Imad Abu Zahrah lay on his back on the dusty asphalt of Jenin's main street, bleeding to death from a hole in his right thigh. Israeli bullets cracked into the stone columns lining the avenue.

News photographer Said Dahleh, lightly wounded by Israeli fire, looked on from a side street where he had taken cover. He wanted to pull Abu Zahrah to safety, but stayed back because of sustained shooting.

Moments earlier the two Palestinians had been standing in the street together, watching an Israeli armored personnel carrier that had struck an electricity pole. Mr. Dahleh, wearing a white bulletproof vest marked "PRESS," took a picture of the APC.

Then Israeli soldiers in a nearby tank opened fire from a machine gun fixed to its turret, shooting at the ground in front of the journalists and over their heads. Both men were probably hit by ricochets. Only Dahleh survived.

The killing of Imad Abu Zahrah is partly a testament to the dangers of covering the Israeli-Palestinian conflict. But it isn't clear that Abu Zahrah was working as a journalist the day he was shot.

His life resonates for different reasons – for what it says about the difficulty of living anything near a normal life in the Palestinian territories. The Palestinian Authority stifled him. The conflict idled him, and finally, it killed him. His death resonates personally, because I worked with him once.

Lying in the street, Abu Zahrah pressed his hand into the wound to try to slow the bleeding. Several minutes later, he dragged himself around the corner, into the side street. People helped him and Dahleh take shelter in a stairwell.

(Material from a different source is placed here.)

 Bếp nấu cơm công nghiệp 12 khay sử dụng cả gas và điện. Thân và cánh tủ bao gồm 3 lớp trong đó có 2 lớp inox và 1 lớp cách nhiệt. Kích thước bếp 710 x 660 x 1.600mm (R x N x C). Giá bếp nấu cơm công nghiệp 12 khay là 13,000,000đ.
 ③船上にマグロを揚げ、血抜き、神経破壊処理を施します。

Dahleh says he used his cellphone to call for an ambulance. Someone else contacted a taxi driver, who reached them first. As the taxi pulled up, other journalists arrived; they recorded what happened next on videotape.

Abu Zahrah staggers out of the stairwell, the right leg of his faded jeans sopping with blood, his sunglasses dangling from a cord around his neck. He stumbles down the last steps, falls to the ground, and then Dahleh and others help him up.

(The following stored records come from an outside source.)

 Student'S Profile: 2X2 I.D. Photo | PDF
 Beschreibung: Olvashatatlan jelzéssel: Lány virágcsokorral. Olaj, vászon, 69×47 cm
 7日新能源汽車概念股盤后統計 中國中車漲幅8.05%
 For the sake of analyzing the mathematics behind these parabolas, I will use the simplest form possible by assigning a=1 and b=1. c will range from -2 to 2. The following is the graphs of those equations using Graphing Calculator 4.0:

Abu Zahrah is a stocky man with a square jaw and receding, slicked-back hair. His face is dark with fear. Wide-eyed, he gets into the taxi without a word.

Dahleh says that from the moment Abu Zahrah was shot, as he lay on the street, huddled in the stairwell, and rode to the hospital, "he didn't say anything."

He soon lost consciousness. At the hospital, doctors worked to repair his leg and replenish his blood supply. At one point he followed his father's instructions to open and close his eyes, but he never spoke.

He was shot during the afternoon of July 11 and died early the next morning.

A dangerous place to work

The West Bank is the worst place in the world to be a journalist, says the Committee to Protect Journalists (CPJ), a New York-based nonprofit organization. For one thing, reporters and photographers must work around Israeli restrictions, imposed

in the name of journalists' safety and Israel's security, that limit press freedom. Then there is the danger.

Israeli forces shot dead an Italian photographer on March 13 in the West Bank hub city of Ramallah. A Palestinian reporter died on July 31, 2001, when Israeli missiles struck an office of the Islamic Resistance Movement, or Hamas, in the northern West Bank city of Nablus. The reporter planned to interview a Hamas leader, the target of the Israeli attack.